COLLECTED MATERIAL:
--------------------

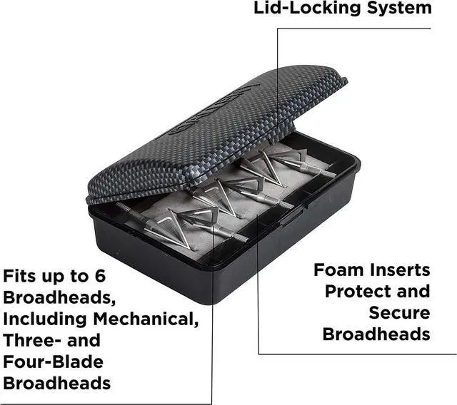 Allen Company Titan Broadhead Box & Caddy, Holds 6 Broadheads, Broadheads With Closed Width Up To 1-38 Inches, Carbon Fiber Fits Most Three- And Four-Blade Broadheads High Impact Carbon Fiber Look Case Lid-Locking System Prevents Broadheads From Shaking Loose Foam Inserts Protect And Secure The Broadheads Compact Size Fits In Your Bow Case Or Backpack Interior Lid Locking Systeman Interior Lid-Locking System Prevents The Broadheads From Shaking Loose And Ensures Little To No Blade Surface Contact Foam Inserts Protect & Securethe Stiff Foam Insert And Precise Notching In The High Impact Rated Polymer Case Interior Provides Secure Protection For Up To Six Broadheads Fits Up To 6 Broadheads - All Typeseasily Accommodates Most Fixed 3- And 4-Blade Styles As Well As Mechanical And Removable Blade Broadheads Protect One Of Your Most Important Hunting Accessories - Your Broadheads - With Allens High Impact Broadhead Case This Case Will Fit Most Three- And Four-Blade Broadheads As Well As Most Mechanical Broadheads An Interior Lid-Locking System Prevents The Broadheads From Shaking Loose And Helps Hold Them In With Little To No Bladesurface Contact Features: Fits Up To 6 Broadheads, Including Mechanical, Three-, And Four-Blade Broadheads Foam Inserts Protect And Secure Broadheads Lid-Locking System Carbon Fiber Look
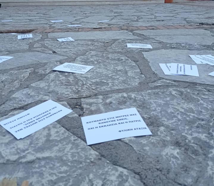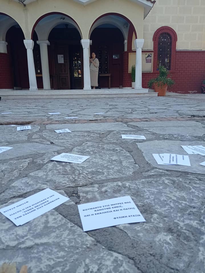 Η “Φυλική Αταξία” Τρικάλων προχώρησε σε εκδήλωση διαμαρτυρίας μπροστά στον Ι.Ν. Αγίου Κωνσταντίνου με αφορμή τις απαράδεκτες δηλώσεις του Μητροπολίτου Δωδώνης Χρυσοστόμου για τις αμβλώσεις, δηλώσεις που καταδικάστηκαν από την ίδια την Ιερά Σύνοδο.
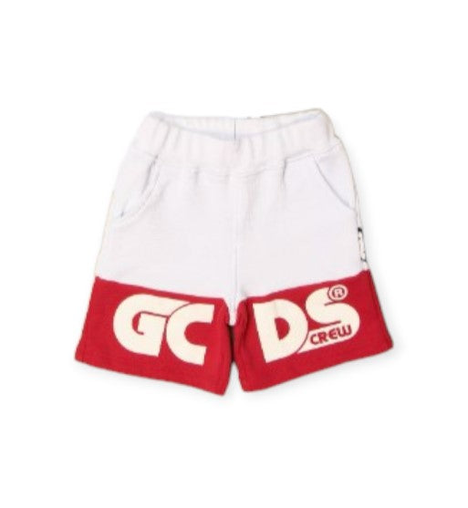 Baby Bermuda shorts with elastic waist, America pocket, contrasting band, printed logo.
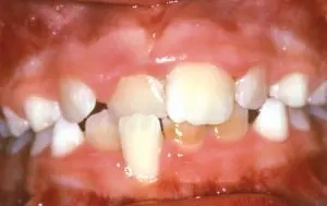 The upper front teeth extend out over the lower front teeth, sometimes causing the lower front teeth to bite into the roof of the mouth.

--------------------

With the pictures removed, repeat the listing above exactly as it stands.

 Allen Company Titan Broadhead Box & Caddy, Holds 6 Broadheads, Broadheads With Closed Width Up To 1-38 Inches, Carbon Fiber Fits Most Three- And Four-Blade Broadheads High Impact Carbon Fiber Look Case Lid-Locking System Prevents Broadheads From Shaking Loose Foam Inserts Protect And Secure The Broadheads Compact Size Fits In Your Bow Case Or Backpack Interior Lid Locking Systeman Interior Lid-Locking System Prevents The Broadheads From Shaking Loose And Ensures Little To No Blade Surface Contact Foam Inserts Protect & Securethe Stiff Foam Insert And Precise Notching In The High Impact Rated Polymer Case Interior Provides Secure Protection For Up To Six Broadheads Fits Up To 6 Broadheads - All Typeseasily Accommodates Most Fixed 3- And 4-Blade Styles As Well As Mechanical And Removable Blade Broadheads Protect One Of Your Most Important Hunting Accessories - Your Broadheads - With Allens High Impact Broadhead Case This Case Will Fit Most Three- And Four-Blade Broadheads As Well As Most Mechanical Broadheads An Interior Lid-Locking System Prevents The Broadheads From Shaking Loose And Helps Hold Them In With Little To No Bladesurface Contact Features: Fits Up To 6 Broadheads, Including Mechanical, Three-, And Four-Blade Broadheads Foam Inserts Protect And Secure Broadheads Lid-Locking System Carbon Fiber Look
 Η “Φυλική Αταξία” Τρικάλων προχώρησε σε εκδήλωση διαμαρτυρίας μπροστά στον Ι.Ν. Αγίου Κωνσταντίνου με αφορμή τις απαράδεκτες δηλώσεις του Μητροπολίτου Δωδώνης Χρυσοστόμου για τις αμβλώσεις, δηλώσεις που καταδικάστηκαν από την ίδια την Ιερά Σύνοδο.
 Baby Bermuda shorts with elastic waist, America pocket, contrasting band, printed logo.
 The upper front teeth extend out over the lower front teeth, sometimes causing the lower front teeth to bite into the roof of the mouth.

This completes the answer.